The current co-chair of the board of directors for the Bowen Center for the Arts in Dawsonville, Jeanne Tompkins is channeling a lifelong career of teaching into bolstering the arts center to be the best it can be.
Native to Atlanta, Tompkins considers Clarkesville her home and attended the University of Georgia, graduating with a bachelor’s degree in home economics and chemistry.
Tompkins was a home demonstration agent with 4-H after graduation, and eventually went back to UGA to obtain a masters in elementary education and special education.
She worked in special education for a time, but when she started having kids, the work became too demanding. At that time, she said, the job was much more involved than it is today.
“I had to see that they got doctor’s appointments, dental appointments, it was very comprehensive,” she said.
Tompkins moved to Cobb County with her husband and two kids and taught elementary education, and when the family moved to Louisiana, she took a middle school job.
“I loved it. I knew it was where I needed to be,” she said. “They’re kind of special, eighth graders are always kind of weird but I just love their sense of humor and I loved what they did and how they did it, there was nothing they wouldn’t try one time.”
Tapping into their curiosity and willingness made teaching middle schoolers a joy, she said.
“I started teaching earth science, and I knew I was doing exactly what I wanted to do, so I stayed in that,” Tompkins said. “I taught 31 years total.”
Tompkins went back to school a third time to get her National Board Certification, which she compared to getting a doctorate degree in classroom teaching. The program was incredibly intense, she said, but taught her how to analyze her teaching in a way she’d never done.
“It was more about vision and understanding students, and I’ve probably used that skill more than anything else that I’ve learned in all my teaching, all my degrees, all of that: Being able to look in the moment, what needs to be done, how we’re going to do it, what’s the next step, what’s right, what’s wrong, those kind of things,” she said.
And when you have an organization like the arts center, Tompkins said, that’s vital.

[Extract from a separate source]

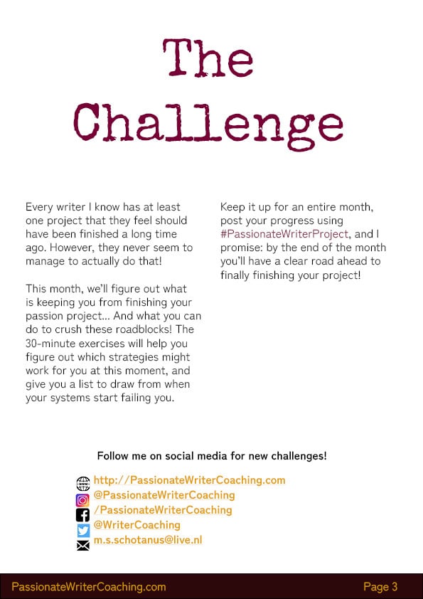 - The challenge was designed by a professional writing coach who specializes in planning and mindset exercises. She developed and tested the exercises over the course of years, resulting in great success for the writers she works with.

“What’s right, what’s wrong, who do we need that can do this, this, to reach a goal, all of that,” she said.
Tompkins and her husband moved to Dawsonville in 2003 because she wanted to be closer to her sisters, who lived in Clarkesville.
When her husband died from complications of leukemia in 2014, Tompkins said she started looking for something to focus on. Around 2008, she started hanging around the center, and later when her husband got sick and received a bone marrow transplant, she decided for her health to find something to do other than direct his care.
“I got interested in photography, I went to (the University of North Georgia) and took photography certificate courses through their continuing education,” she said. “That got me into shows, and the shows got me into the Bowen. The Bowen filled a void and a love for other things. I began to understand fine art a lot more through my photography.”
One year when the center hosted Art in the Garden, Tompkins was in charge of publicity for the event, which opened doors for her to later serve as vice president and president.
“The arts center is certainly a love of mine, I’ve even left it in my will,” she said. “I think art feeds your soul. Other organizations that are nonprofit, they feed people, I’m all for that...I love Rotary Club, because it has fingers in every nonprofit in the county. But the arts center just feeds your soul.”
Tompkins compared the center to a flowering bush.
“You have the roots in the community that are underground and not so pretty, and you have to feed those roots and you have to take care of them, and then you have the leafy parts that come as an outgrowth from that but what makes it beautiful and what gives you joy are the flowers, and to me that is the arts center, the flowers,” Tompkins said. “You need all of it together, but you need it.”
Her favorite thing about the Bowen is meeting people who come to the shows, whether it be artists or people in the community.
“Being a part of all these different groups is how I function as a person,” she said. “It’s like when I was teaching, I was always motivating. It’s the same with the arts center: Motivating people to want to come, motivating people to want to be a part of it, to participate in events.”
Tompkins is constantly donating her time to better the county, and takes it all in stride.
She is also heavily involved in the Dawson County Rotary Club, and is president-elect for 2019-2020.
She also donates her photography. She takes photos for the Friends of Recovery pictures with Santa at Christmas time so the families can have the memories, and also donates photographs to Grace Presbyterian Church, where she is a member. She also does free photography for high school students for their senior pages as well.
Tompkins is also a mentor, and saw one student from third grade to graduation.
And last but not least, she makes sure everyone in her life is fed, from Rotarians to friends to neighbors, purposefully making too much food when she cooks.
“I like that kind of sharing,” she said.